Surrounded by suffering, one comes face to face with a recurring and ancient understanding: that suffering is as much a function of one's mind as it is a natural function of the universe. Winters come and go, in which energy wanes, as do summers, which can produce too much energy. Things come to end at the moment that other things begin. And there are periods in geological time in which there is a greater concentration of ending, and a greater concentration of beginning for that matter. 

If one is surrounded by suffering, and one suffers as a result, one of the first things should be to inquire after the nature of one's perception and sensibility, so as to harmonize oneself with the greater body one is a part of, regardless of whether that body is embodied destruction itself.  

Here I've operated through an intense interrogation of ideology, but there are plenty of other ways to go about it. And indeed, it is the dominant Western spiritual tradition at the moment that gives us so much trouble, with its infinite yearning into the heavens and its refusal of its own mortality, and all of the bellyaching that comes with those drives in the face of a reality where precisely the opposite seems to be taking place. Plenty of other cultures and spiritual systems - and even less dominant ones in the Western body - have figured this out with far more grace and elegance. But anyway. 


In the modern world, there is a tendency of a conscious subjectivity to build ideological structures for understanding the dynamic and chaotic natural forces, and this tendency also plays an important part in modern spiritual life.


Ideology itself, that supposedly demonic drive responsible for the great (and unforgivably violent) mass movements in the modern world, has always been with us. It only took its present form - as a self-relating structure of ideas - in the modern era when a greater emphasis was placed on individual thought and rationality, and our energy and attention was focused on the products of these things. 


Christianity for example had ideological structures growing out of its early mystical experiences far into the past, only they weren't necessarily experienced as such. We can call it ideology today because of the emergence of ideology in the consciousness as an efficacious force, as it fully develops in force, and we project backwards within the fully developed environment of this thought and language. It is the tool of thought that we currently have most refined, and any sort of re-emergent spirituality may re-emerge within this milieu, while it also may re-emerge in various bare experiences as well. 


So we have a classic developmental process in reverse: where an ideology once crystallized out of a connected set of practices and experiences, ideology can now direct some sort of spiritual inquiry. Today in a hyperstimulated world of symbols, it is sometimes difficult to listen to higher spiritual bodies, though they certainly do leak out appearances in many ways, say through visions, hallucinations, dreams, etc. 
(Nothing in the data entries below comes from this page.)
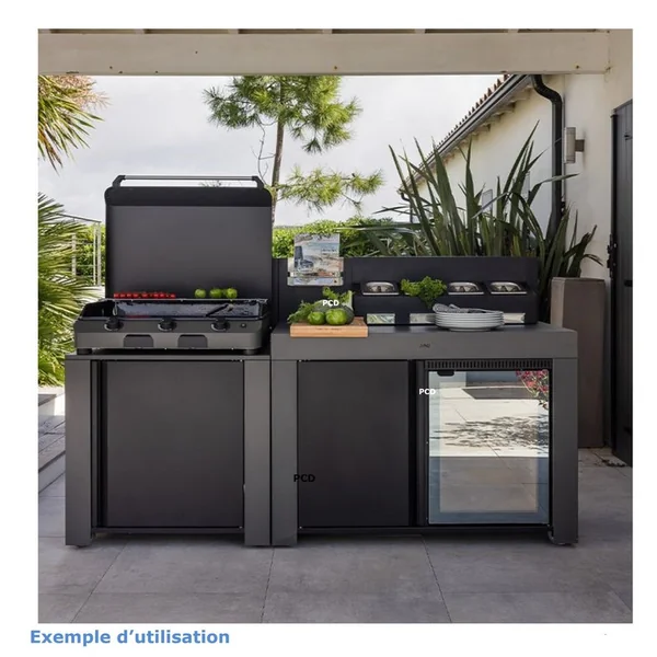 Il est compatible avec le meuble Félix, votre cuisine extérieur sera ainsi parfaitement équipée. La porte en verre réversible est idéale pour ce frigo Eno.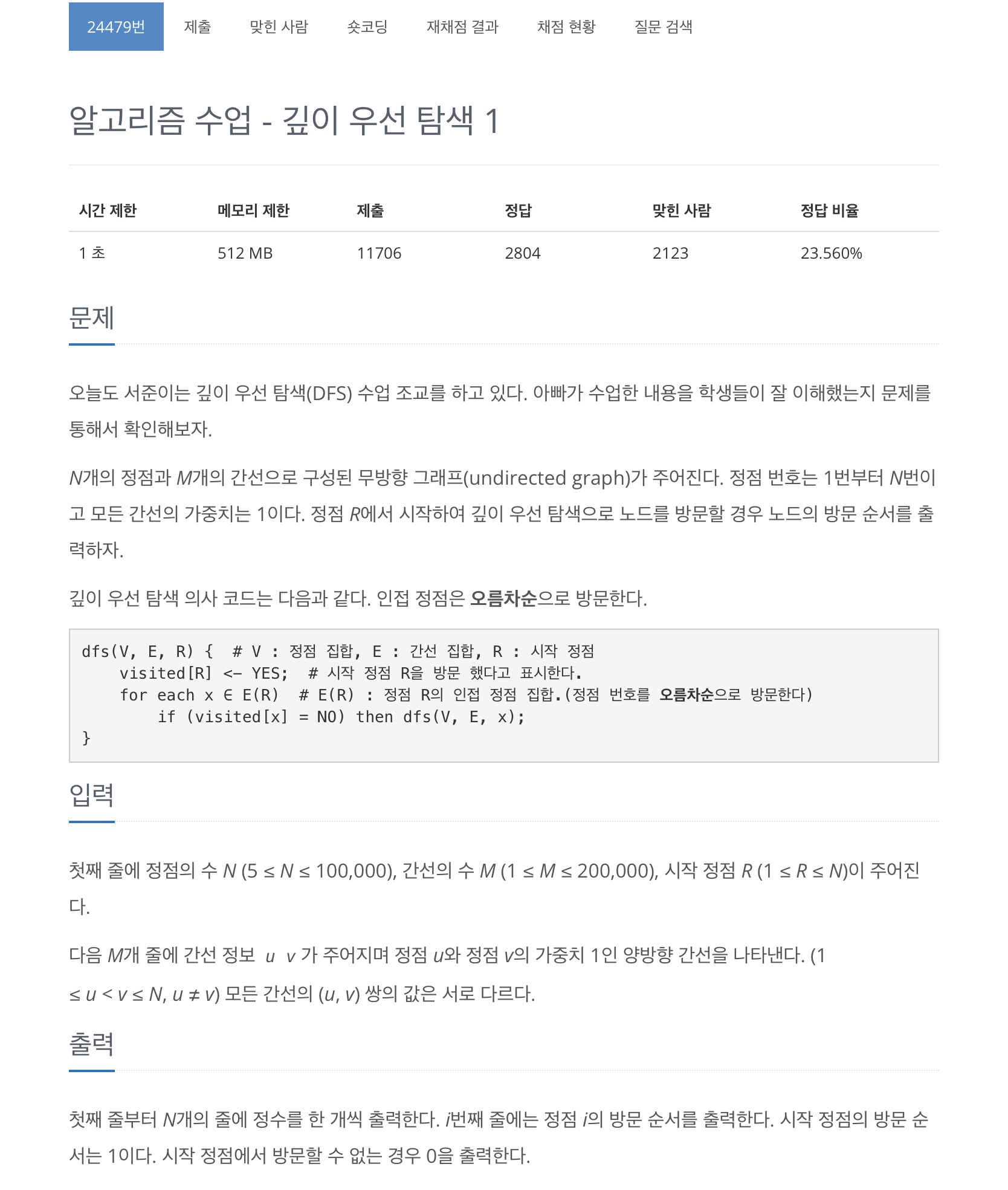 깊이 우선탐색 문제로 깊이 우선 탐색이란 노드에서 좌우로 움직이는 것(bfs)이 아닌 세로로 움직이는것이다 한방향을 계속 가다가 더이상 가지 못하면 다시 가장 가까운 갈림길로 돌아와서 이곳부터 다시 탐색을 진행하는 방법이다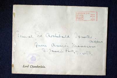 Archive of General Sir Archibald Hunter GCB GCVO DSO TD LLD at the King's Own Royal Regiment Museum, Lancaster. Envelope Envelope addressed to General Sir Archibald Hunter,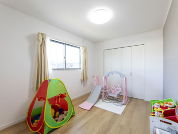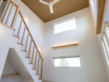 2階にはL字型のホールを介して、主寝室と子供部屋など3部屋とトイレを配置。吹き抜けの開放感と明るさをたっぷり取り込んだ2 階ホールは、たんなる動線ではなく、ご家族の共有スペースとしても十分な広さがあり、さらに室内干し機能など、ユーティリティ性能も備えました。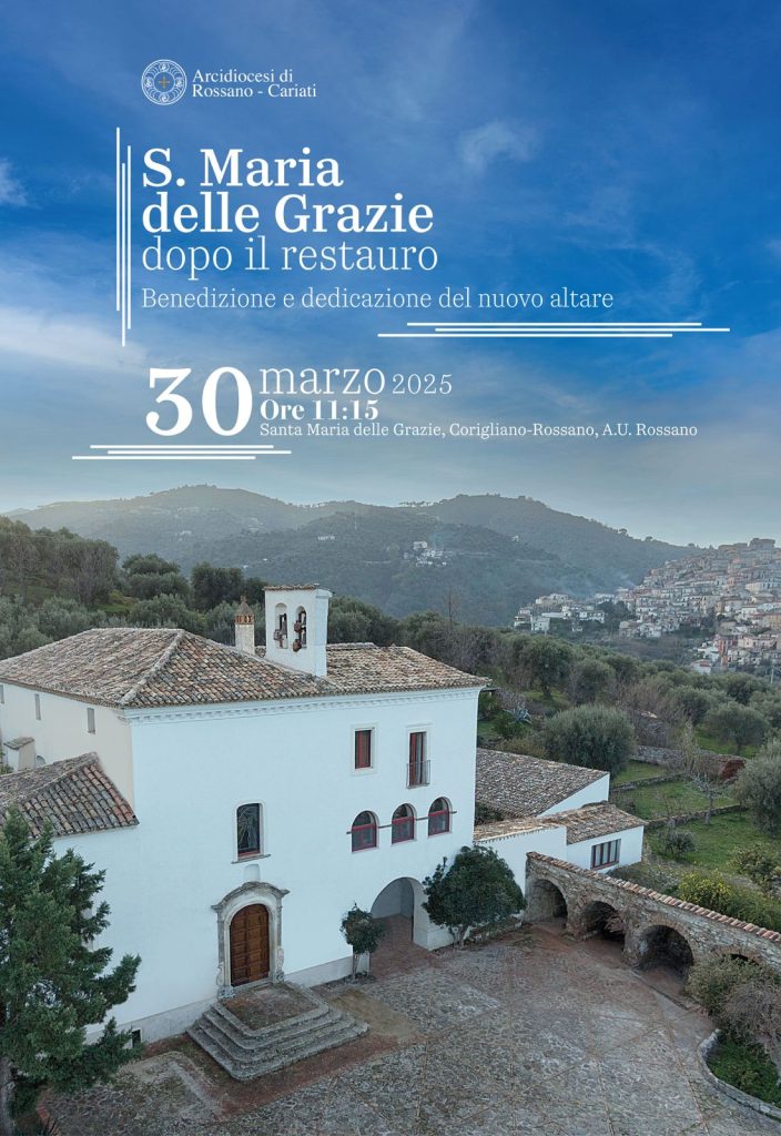 Dopo alcuni anni di intenso e laborioso lavoro di restauro, sarà riaperta al culto, domenica 30 marzo 2025, alle ore 11:15, con una solenne celebrazione liturgica presieduta da S. E. l’Arcivescovo Mons. Maurizio Aloise, l’antica e suggestiva chiesa di Santa Maria delle Grazie che si erge tra le colline dell’area urbana di Rossano. In questa occasione si terrà la benedizione e dedicazione del nuovo altare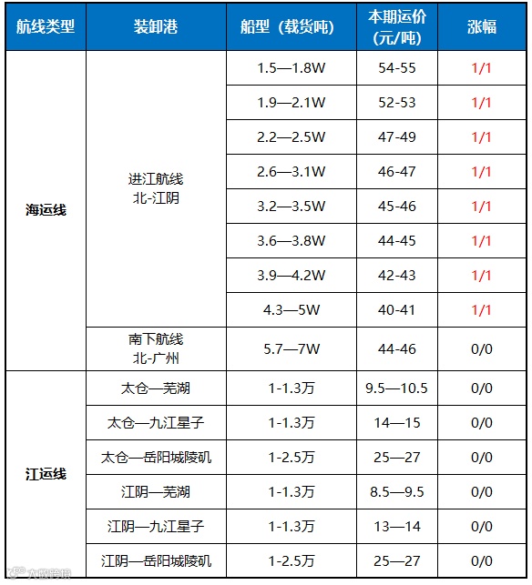 受到成本增加及需求提振,船东抬价情绪较浓,今日海运价格小幅补涨;周四江运市场继续维稳运行,受到油价上涨影响,运营成本增加,船货双方呈现僵持状态。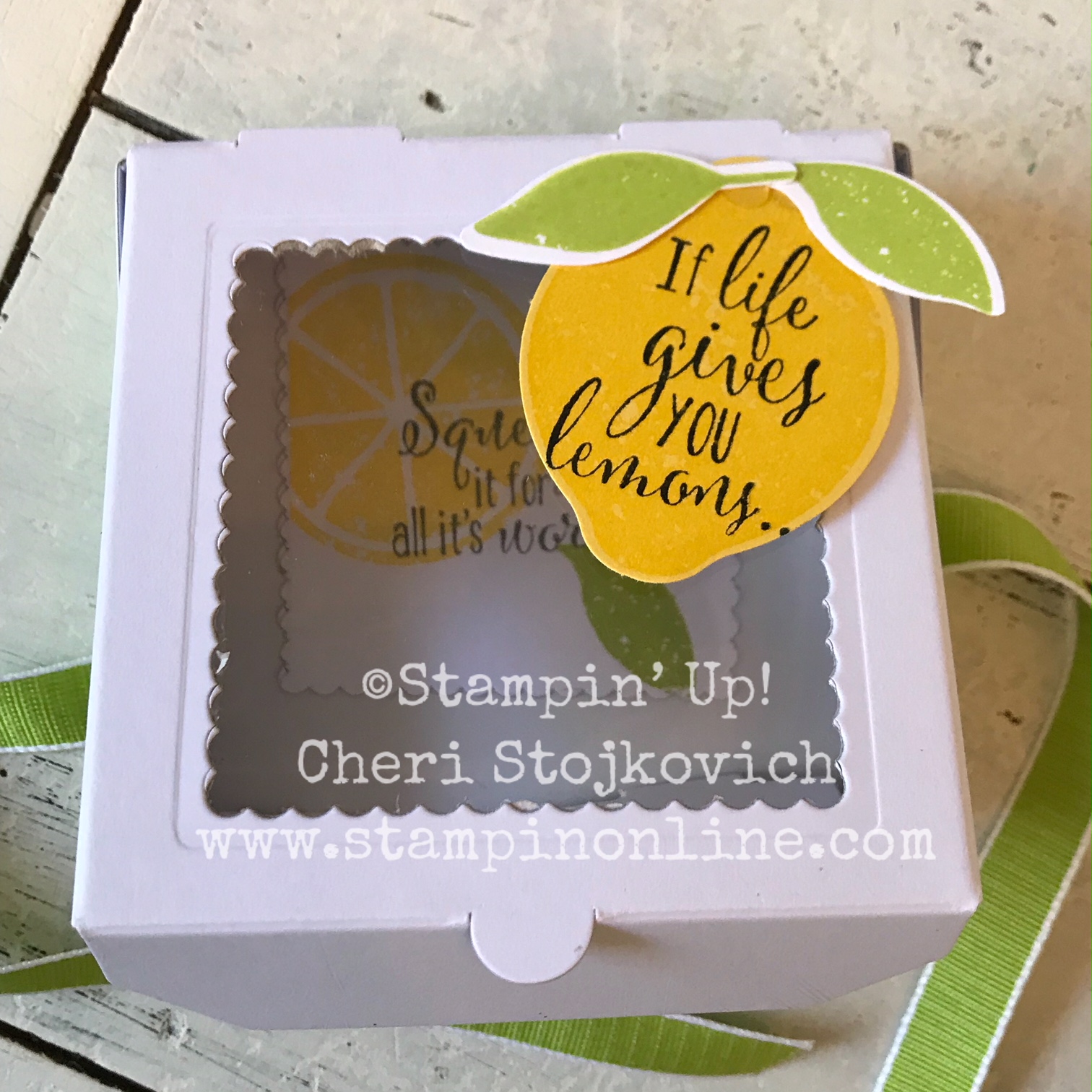 Today’s video is a full demonstration – so I will just leave the pictures here – and let the video do the talking! You all know how much I LOVE Stampin’ Up!’s mini pizza boxes for creating great little treat holders. Watch just how simply they work to set off this impressive Lemon Squares Treat!

Out of an ideology and its practices, these leaks in communication can be further developed, perhaps into floods, and new spiritual experiences may be had, which could very well obliterate the housing ideology itself. 


It is the fundamental instability of this age that demands a spiritual readiness for change and even obliteration. As a living thing, one may build houses - whether physical or psychic - while still expecting them to be eventually swept away. The life on a flood plain generates in anticipation of flood. And the alpine flower on the slope of the mountain fully blooms even in the face of avalanche. 


One must become what one is, but that becoming has now taken on the nature of the passing away. What one is necessarily includes what one will become: in this case, it may be something radically different, or something in a state of disintegration - sooner rather than later.